Pristina, 9 July 1999 (RFE/RL) - The international peacekeeping force in Kosovo says it is investigating what appears to be a large mass grave near Pec, in the west of the province. NATO spokesman Jan Joosten said the grave was found near the village of Ljubenic, in an area under the control of Italian peacekeeping troops. He said it could contain more than 300 bodies.

The U.N. High Commissoner for Human Rights issued a report today which said that in several areas of Kosovo basic needs such as food, shelter and safe drinking water are available and there is no longer fear of an imminent human catastrophe.

But the report also warned that agriculture had suffered severely from the war and this year's wheat harvest was expected to be only half its normal size. The UNHCR report was based on a survey of 141 villages.

Another UNHCR report accused the Serbian authorities of harassing up to 100,000 Kosovo Serbs as part of a campaign to persuade them to return to Kosovo. A UNHCR spokesman in Geneva said the UNHCR suspected that the 8,000 Serbs who returned to Kosovo ten days ago had been coerced into doing so by the Yugoslav authorities.

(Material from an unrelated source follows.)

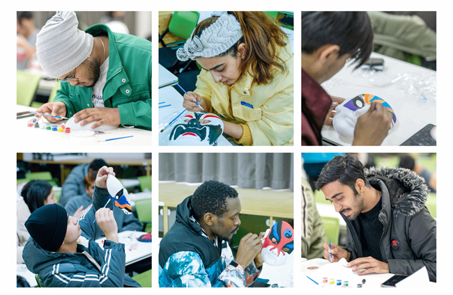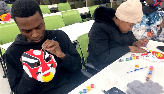 12月19日,這些來自泰國、巴基斯坦、津巴布韋等國的留學(xué)生們?cè)谒囆g(shù)鑒賞課堂上,隨著張揚(yáng)揚(yáng)老師的講解,不僅了解到京劇臉譜的由來、興盛、內(nèi)涵以及“中國正五色”白、藍(lán)、黑、紅、黃所代表的京劇典型人物等知識(shí),而且在白色面具上手繪五顏六色圖案,親手制作一張張紅、藍(lán)、紫、金色的精美“戲劇臉譜”,感受中國傳統(tǒng)文化的博大精深。

In Serbia's third largest town, Nis, the local government today passed a resolution calling for the resignation of Yugoslav President Slobodan Milosevic because of his handling of the Kosovo crisis. Nis is controlled by opposition parties. The 21 deputies loyal to Milosevic's Socialist party left before the vote was taken.

Meanwhile, the prime minister of the self-declared government of the moderate Kosovo political leader Ibrahim Rugova today called for democratic elections within a year in Kosovo. Bujar Bukoshi, making the call in a statement from Bonn, also asked for quicker action by international organisations to establish civilian structures in Kosovo.